「中間テスト」A








夜流とあきらは、毎日同じ電車で通学し、毎日一緒に帰る。
そこにたまに、雨の日だけ電車通学の透が混じる。晴れの日は、透は電車代をけちって、自転車通学をしている。
自転車でいけない距離ではない。
元々同じ市内に住んでいるのだから、夜流もあきらも自転車通学でもいいのだが、天気の問題もあったりするし、朝から長距離を自転車でこぐなんてだるいので、電車通学だった。

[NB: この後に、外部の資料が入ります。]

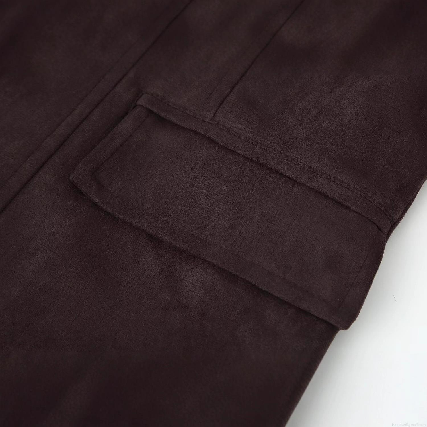 Solid Color, Pocket, Double-breasted, Suede Texture
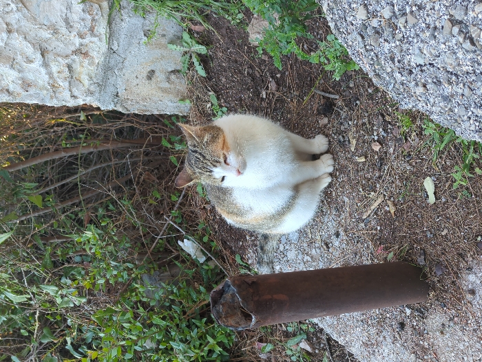 - "The image depicts an outdoor scene in Mirište, Montenegro, featuring a domestic cat as the central subject" by FM-FbzLI3, licensed under CC BY 4.0
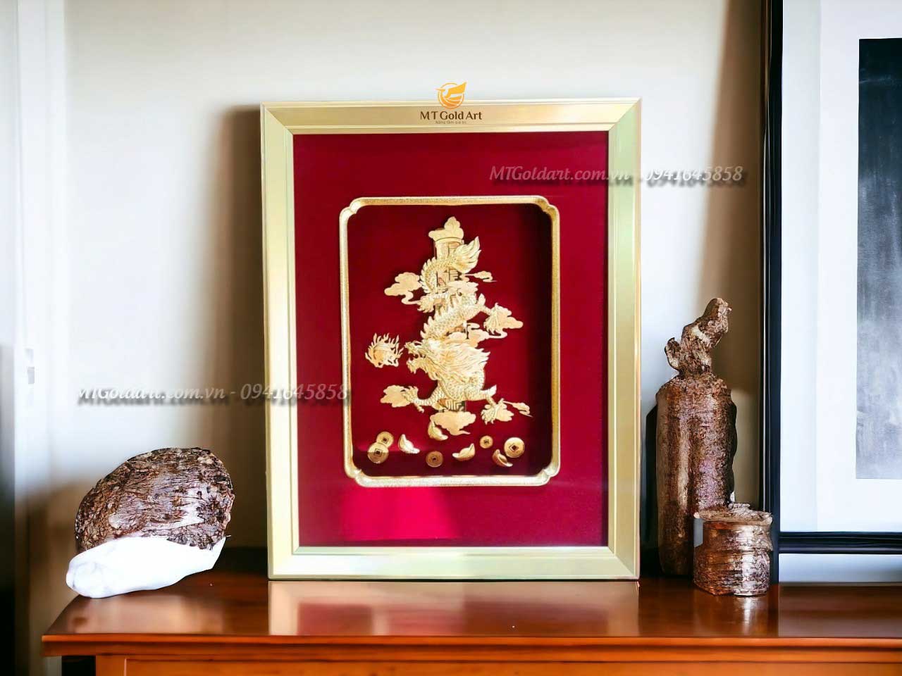 Rồng được coi là con vật linh thiêng, đại diện cho quyền uy, sức mạnh và thịnh vượng. Ngoài ra, Rồng còn biểu tượng của phái nam. Treo bức tranh dát vàng Rồng vờn ngọc
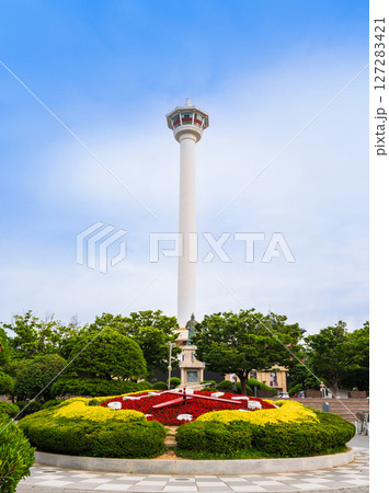 韓国 釜山タワー(ダイヤモンドタワー)と花時計 夕景
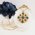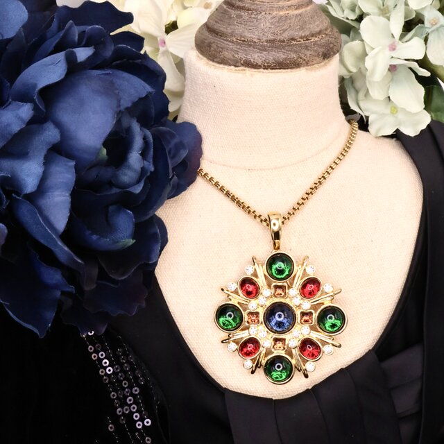 【フランス買付】 マルチカラージュエル ロゼットモチーフ 2WAY ブローチ&ネックレス アメリカ製 ヴィンテージ 1980s

中間テスト初日の朝も、夜流とあきらは同じ時間帯の電車の同じ車両で通学していた。

「ん・・・・」

満員電車の中、教科書を開いて勉強していたのだけど、あきらが頬を紅くして夜流のほうに擦り寄ってくる。
夜流は、初日にある数学のことが頭いっぱいで、それに気づかない。
「やっ・・・ん」
めちゃくちゃ艶のある女の子のような声が夜流の耳元でして、夜流はあきらの異変にきづいた。
あきらはもぞもぞしている。
「ヨ・・・ル・・・・」
泣きそうな顔で、夜流を見上げる。
「・・・・・・・ッ、ッ・・・・」
あきらの背後で、中年のおっさんが、あきらの下肢に足をわりこませ、あきらの臀部や尻を触っていた。
中年のおっさんの手が、後ろから伸びてきて、抵抗しないあきらのブレザーをはいあがり、あきらの薄い胸をまさぐりだす。
「・・・・・・・・・・や」
あきらは、今にも泣きそうだった。

「はい、そこまでね」
「ちょ、何するんだよ!」

「こっちの台詞だ、この変態痴漢野郎!!」


夜流の大声で、中年のおっさんはビクビクしながら、シラをきりはじめる。
「な、何を言っているのかね君、こ、この子は男じゃないか!どうして私が痴漢する必要があるんだ!!」

「はいはい。そういうことは、機動警察のとこでいいましょうね」

すぐ、次の駅であきらをおろし、おっさんの手を掴むと、そのまま有無をいわせぬ勢いで駅員に引き渡した。

「大丈夫か、あきら?」
「う・・・ん・・・」
あきらはもぞもぞしていた。
「どうした?やばい?トイレいく?」
男だって、生理的に不快でも、あそこを触られてたりしたらたつもんだ。仕方ない。そんな風にできてるんだから。
「一緒についてく?待ってるぞ?」
あきらが男の痴漢に会うのは通算これで4回目。
5月の半ばで4回とは、やはり見た目が美少女すぎなせいだろうか。最初はみんな勘違いして触って、最後まで女の子と思ってそのまま駅員に引き渡され、少年であると知ってそこでびっくりする。
今回は、あきらが男だって知ってて触ってた。だったら、やばくなっても仕方ない。

「夜流も来て!」
「へ?えええ!?」

男子トイレの前まできた夜流の手をひっぱって、あきらは無理やり夜流を連れてせまい個室に入った。
「あきら?大丈夫?」
「ん・・・・。俺・・・・」
「どうした?」
「俺、自分で・・・・その・・・」
「あ?」
「自慰とか・・・したことない、から」

「ほええええ!?」
「しー!!」

幸いにも、他に男子トイレの利用者はいなかった。
「俺なんて、自慢だけどけっこうしまくりだぞ!」
「自慢になんねー」
あきらはもぞもぞしている。

「やり方、わかんないの?」
あきらは、こくんと真っ赤になって頷いた。